[YOUR TASK]: Starting at the first line of the listing below, repeat each line exactly until the line containing "Single Jersey Knit", which you include. Leave out pictures.

(DATA RECORDS)

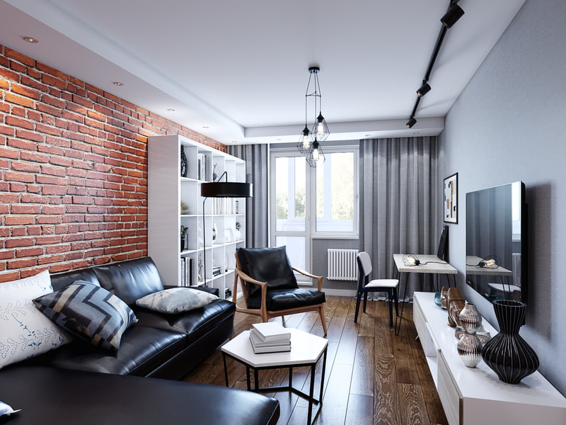 With the help of wall cladding, it is possible to make zoning of the room, as well as to achieve a visual change in its configuration. For example, one accent plane decorated with brickwork, wood panels or photo wallpaper will help to make a narrow and elongated living room in a Khrushchev more even and spacious.
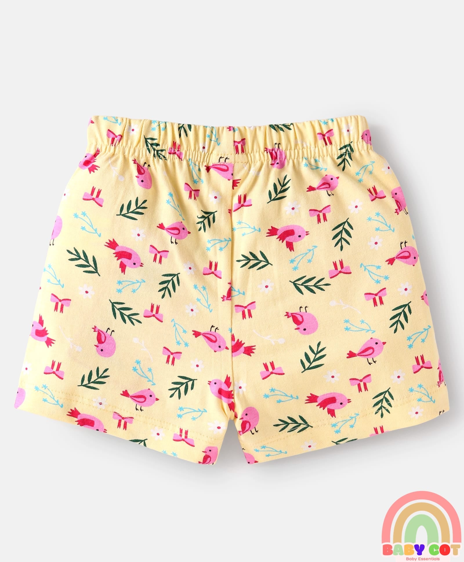Single Jersey Knit Mid Thigh Shorts with Polka Dots & Bird Print with Bow Applique Pack of 3 - Pink Beige & Dark Pink
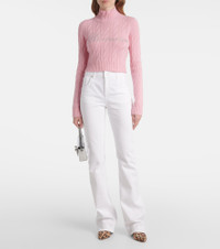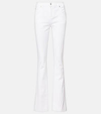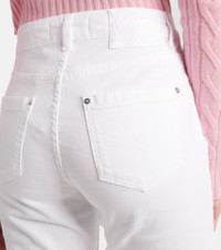 Product Details - Material: 98% cotton, 2% elastane - Care instructions: machine wash at 30 degrees - Made in Albania - Designer color name: White Pearl - Closure: zip and button fastening - Pockets: five pockets - Belt loops - Material II: 100% cotton - Item number: P00997450 Size & Fit - True to size - Fits large to size - we recommend trying one size smaller - Non-stretchy fabric - Slim-leg with a flared hem - High-rise - The model seen in the picture is 178cm-5'10" and wearing a size IT 38
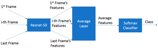 In contrast, our deep learning approach utilized advanced neural network architectures for automatic feature extraction. Initially, we employed a CNN-LSTM network [33], combining a convolutional neural network (CNN) for spatial feature extraction and long short-term memory (LSTM) neural network for temporal features, enhanced with an attention mechanism [34] to encourage the model to utilize features from various points in the time series. However, due to overfitting issues with this model, we adopted an alternative approach inspired by the Youtube-8M benchmark [35]. This second model, CNN with feature averages (CNNFA), averages CNN features from all frames before the classification layer as shown in Figure 3. This method, mirroring the Youtube-8M benchmark’s approach to video-based classification, was more in tune with our dataset, particularly in handling its complexities and avoiding the overfitting challenges faced by the attention-based model.
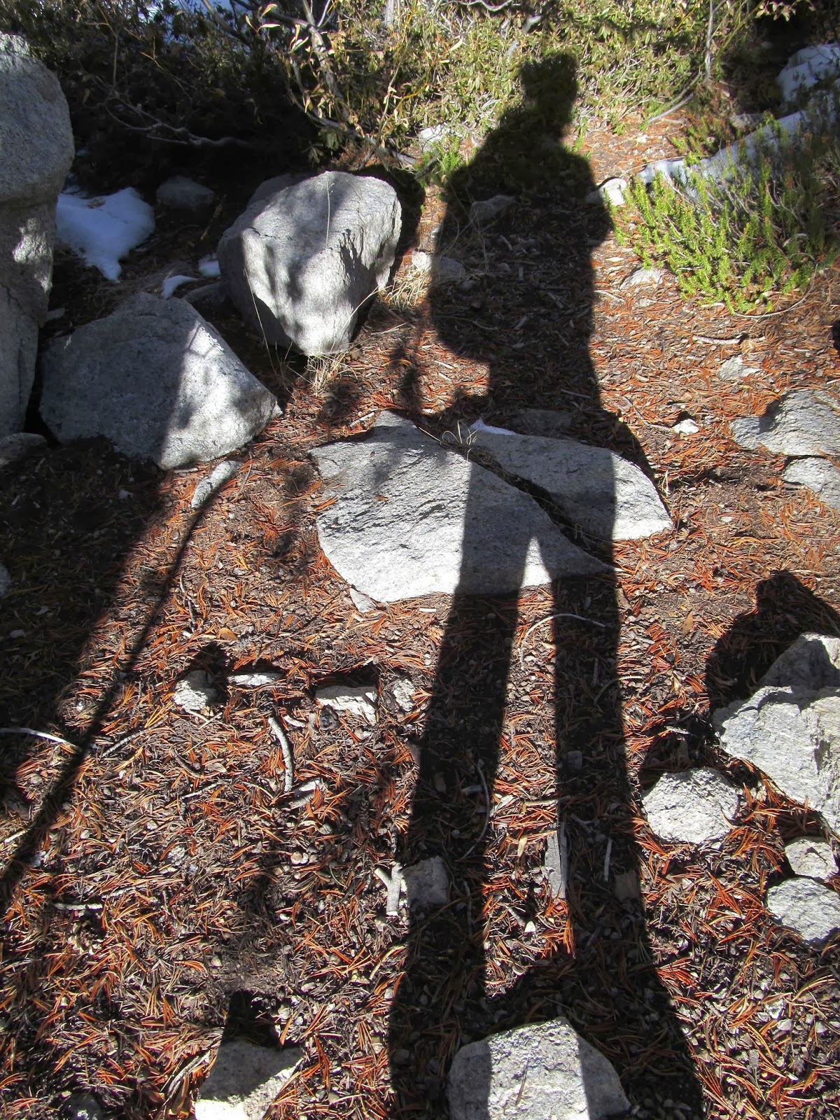 We happily hiked along with the sun at our backs and a chill on our cheeks, enjoying the mood of the changing season. It felt good to be out on the trail, moving, breathing, thinking, talking. Hiking our way up the Kearsarge Pass trail, we decided to take a different turn and visit someplace new, pausing first at Flower Lake to play with the camera and try out some new techniques. Better luck next time, as far as those photos go. But it was a good try.
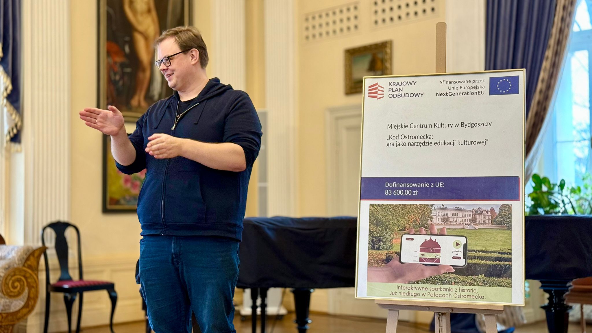 - To gra i przewodnik po Ostromecku dla dzieci i dorosłych - wyjaśnia koordynator projektu, Piotr Drozdowski. - Pracowaliśmy około pięciu miesięcy, żeby ją stworzyć. Ma przybliżyć historię tego miejsca, Pałacu Starego, Pałacu Nowego, parku w Ostromecku. Dzięki temu każdy będzie mógł szybko, w dogodnym dla siebie czasie, te miejsca poznać - dodaje.
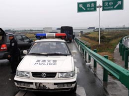 3月12日,一輛“高速交警”執(zhí)法車停在西(安)漢(中)高速公路龍亭段正檢查來(lái)往車輛。該車不僅沒(méi)有車牌,還停在高速路的逆行交叉道上,給執(zhí)法者和來(lái)往車輛造成嚴(yán)重的安全隱患。新華社記者:陶明
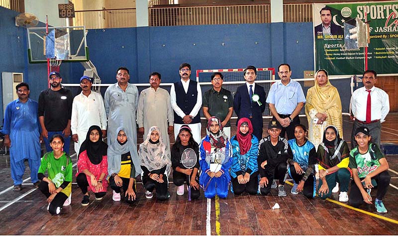 SARGODHA: August 14 – Group photo of Additional Deputy Commissioner Revenue Muhammad Mohsin Salahuddin with players during an event organized by Sports Department at Gymnasium on the occasion of 77th Independence Day celebration. APP/HSD/TZD/ZID
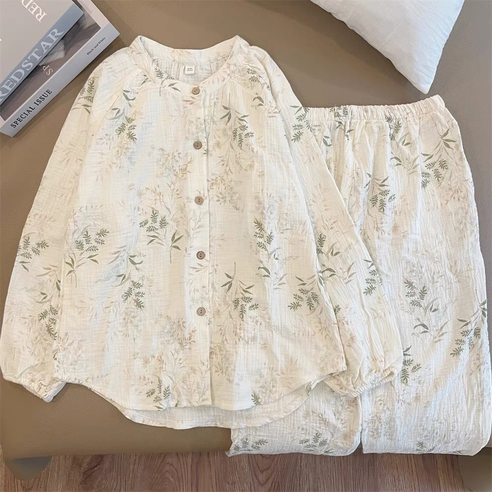 - 新入荷パジャマ ルームウェア レディース ガーゼパジャマ 花柄 春 長袖パジャマ 2層ガーゼ トップス+パンツ 2点セット 可愛い (M-2XL)
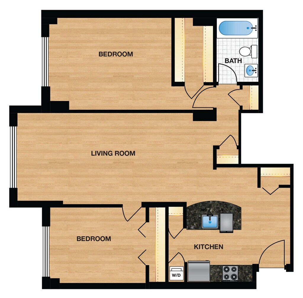 Unidad de apartamento: 0112Modelo de apartamento: 2BR/1BA2 Dormitorios, 1 Baño, 912 sq ftDisponible Ahora![]()
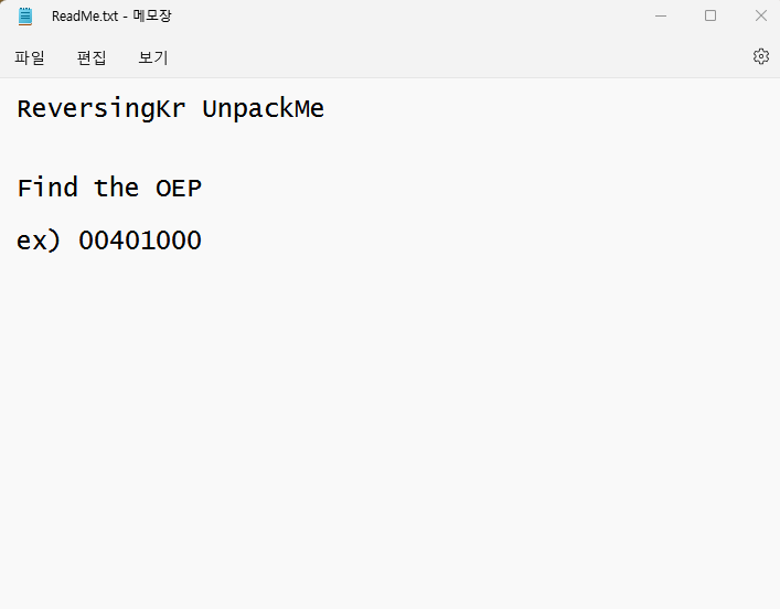 다음과 같이 프로그램의 OEP를 찾으라고 합니다.
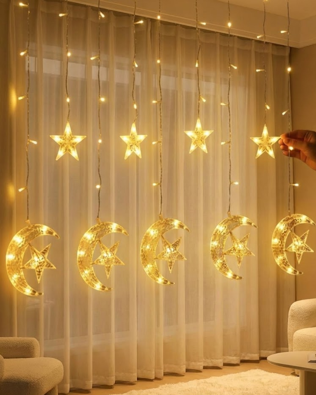 Hilal ve yıldız figürlü dekoratif perde ışık, yaşam alanlarınıza sadece bir aydınlatma değil, aynı zamanda duygusal bir ambiyans kazandırır. Sıcak beyaz tonuyla karanlık ortamda yumuşak ve romantik bir ışık yayarak bulunduğu mekâna huzurlu bir atmosfer oluşturur. Özellikle akşam saatlerinde tül perde önünde, pencere kenarında ya da duvar fonunda kullanıldığında ortama masalsı bir görünüm kazandırır.
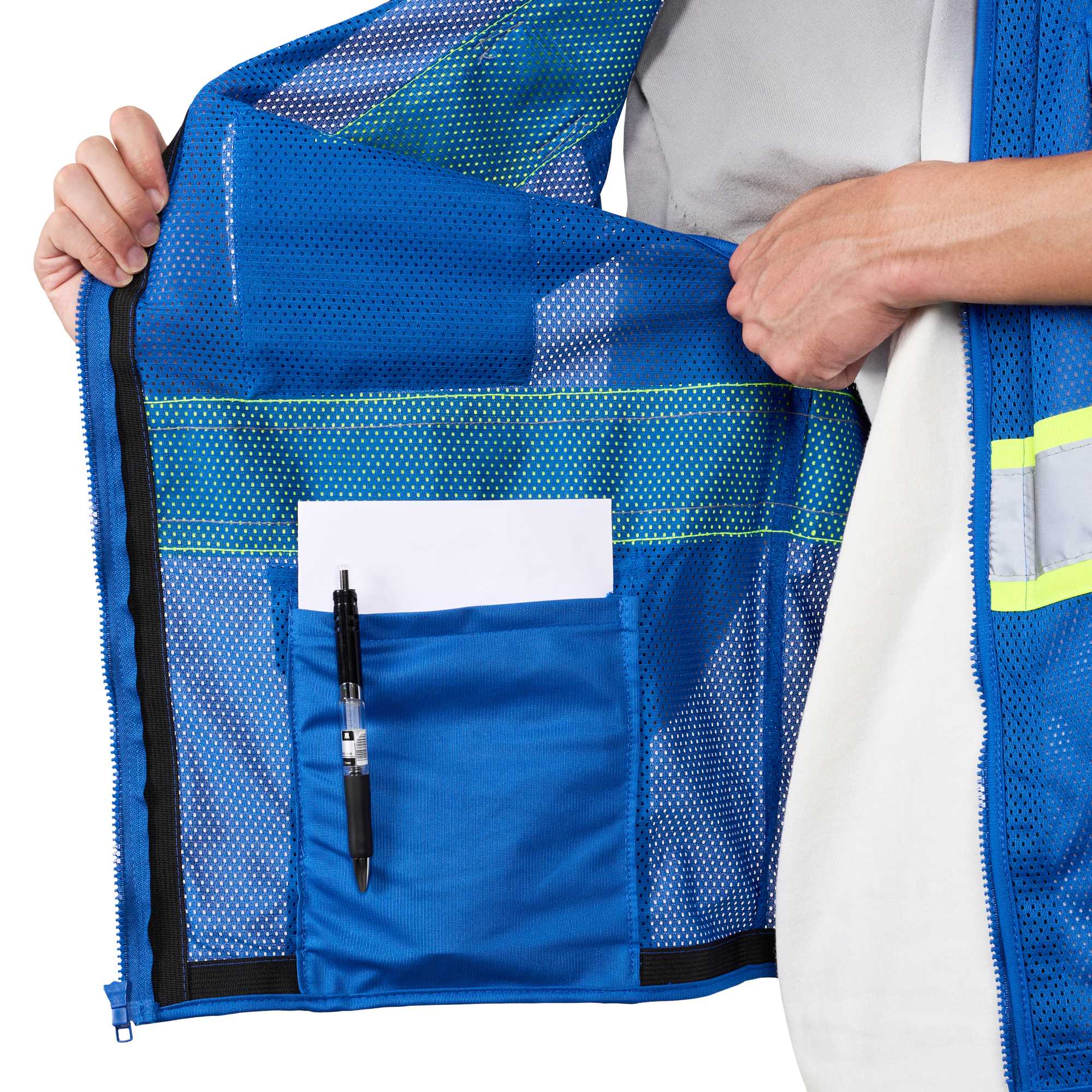 Enhance safety and efficiency with our versatile safety gear. The Be Safe Reflective Stripes High Visibility Vest features silver reflective tapes that significantly enhance visibility, ensuring safer environments in warehouse settings or for event staff requiring a high visibility vest. This reflective safety vest is equipped with multiple chest pockets that provide ample storage for tools and order pads, streamlining operations and maintaining organization. A zipper front closure allows for quick donning and removal, ideal for fast-paced environments and rush hours. Made from durable plastic, this polyester mesh safety vest is machine washable, promoting sustainability in your operations. With dimensions of 27.20 by 24.80 inches and a thickness of 0.20 inches, this vest combines comfort and functionality. Sold in a 20 count box.
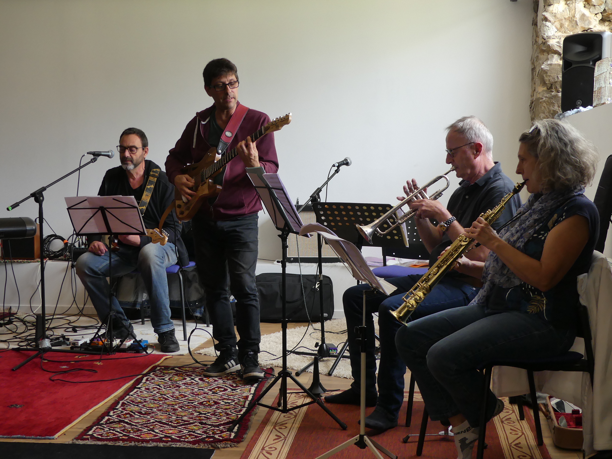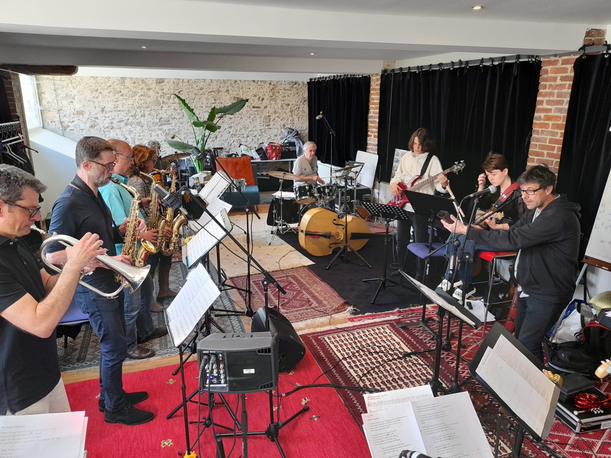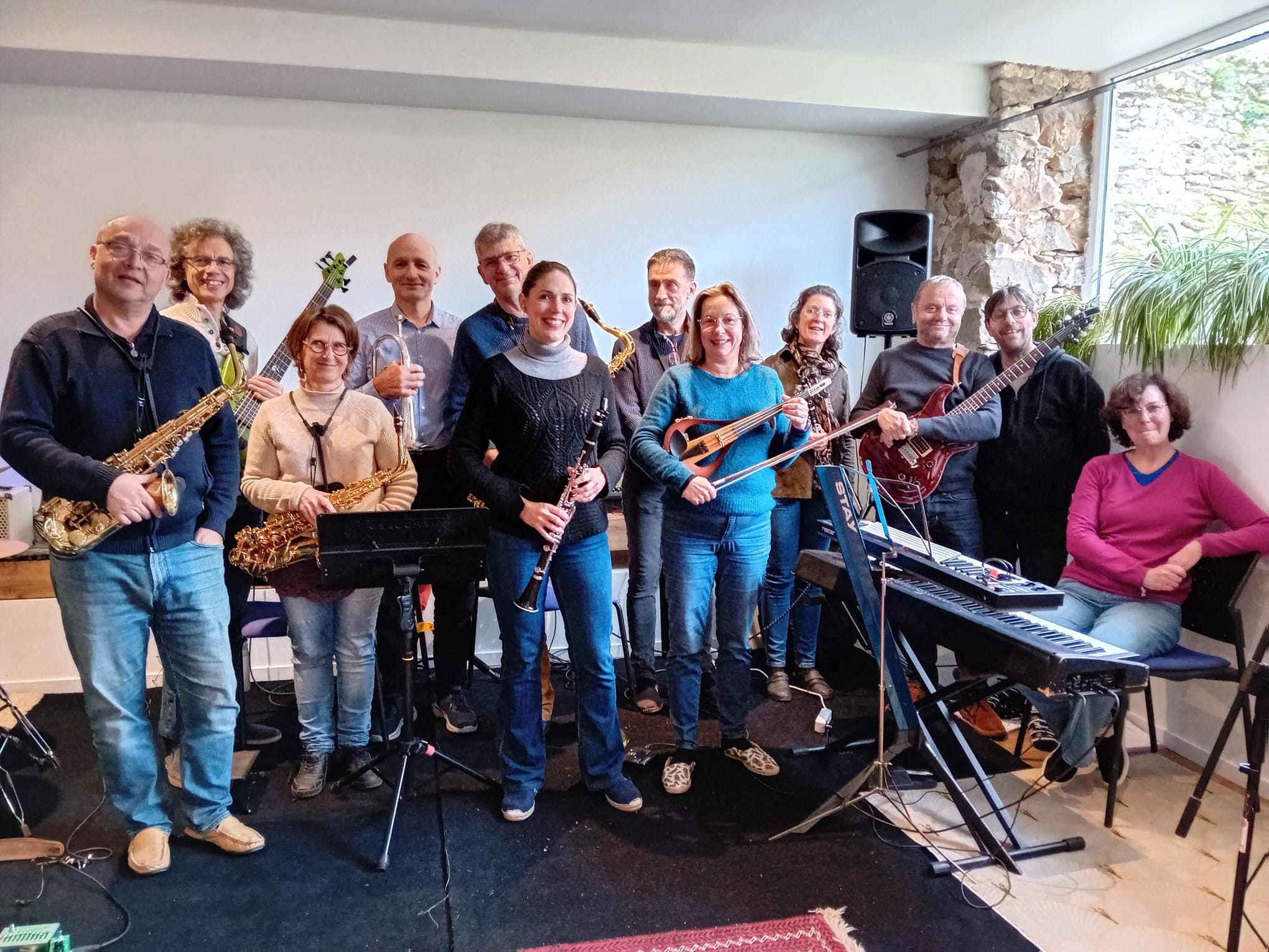 C'était mon premier stage. Une chouette ambiance sérieuse, joyeuse et bienveillante. Et aussi bien sûr un bon contenu technique et musical. Quel bonheur de jouer avec des "vrais gens", pas des back tracks !
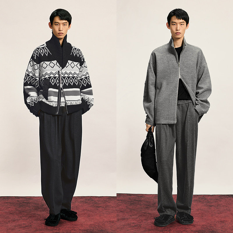 羊毛混纺针织呢,锥形西装裤干净利落
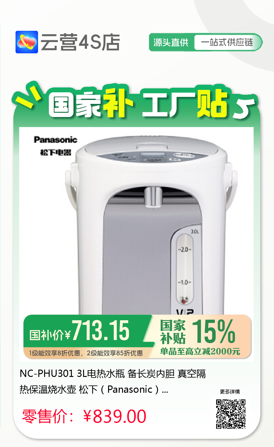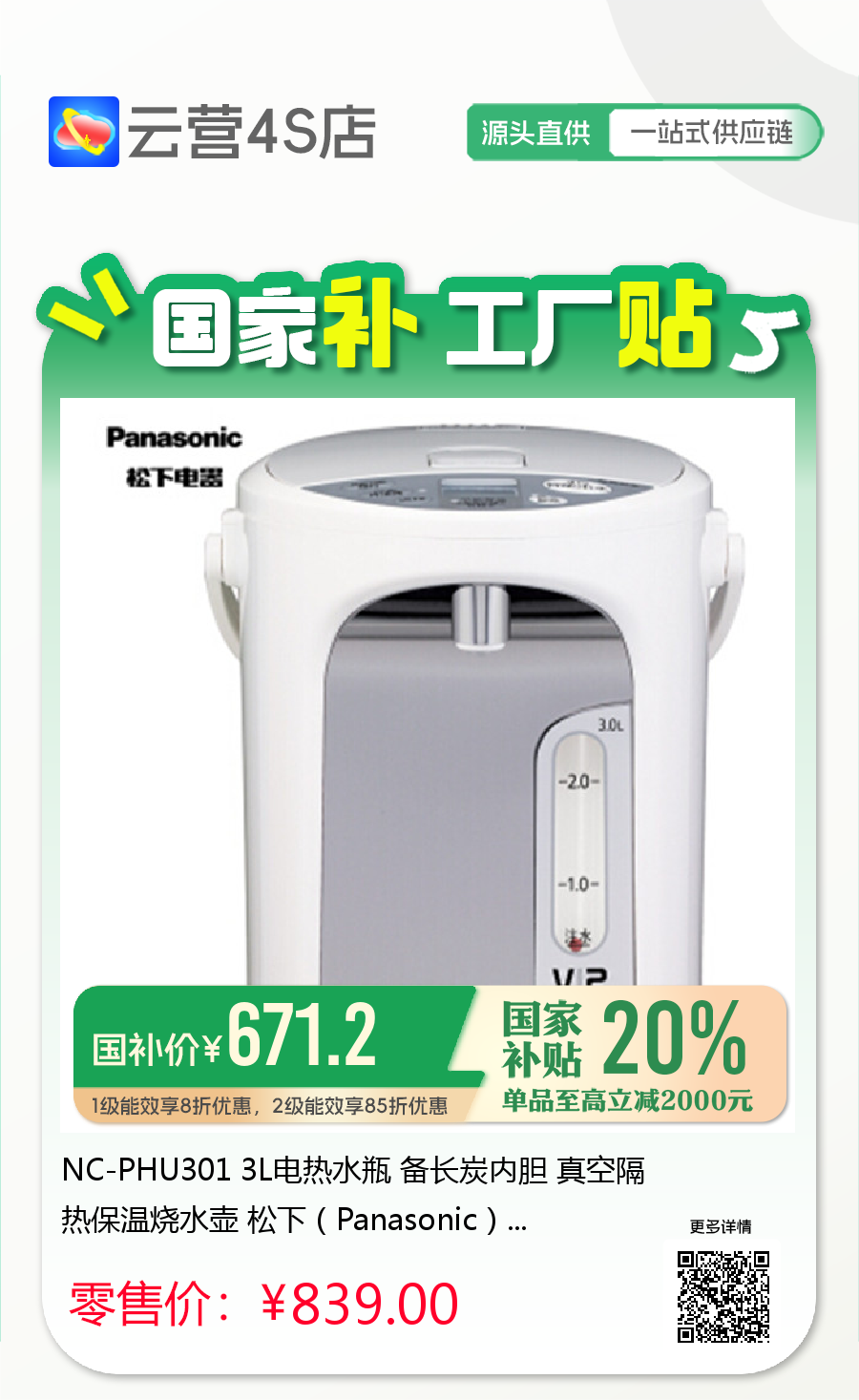 NC-PHU301 3L电热水瓶 备长炭内胆 真空隔热保温烧水壶 松下(Panasonic)

(End DATA RECORDS)

[TASK RESPONSE]:
 With the help of wall cladding, it is possible to make zoning of the room, as well as to achieve a visual change in its configuration. For example, one accent plane decorated with brickwork, wood panels or photo wallpaper will help to make a narrow and elongated living room in a Khrushchev more even and spacious.
Single Jersey Knit Mid Thigh Shorts with Polka Dots & Bird Print with Bow Applique Pack of 3 - Pink Beige & Dark Pink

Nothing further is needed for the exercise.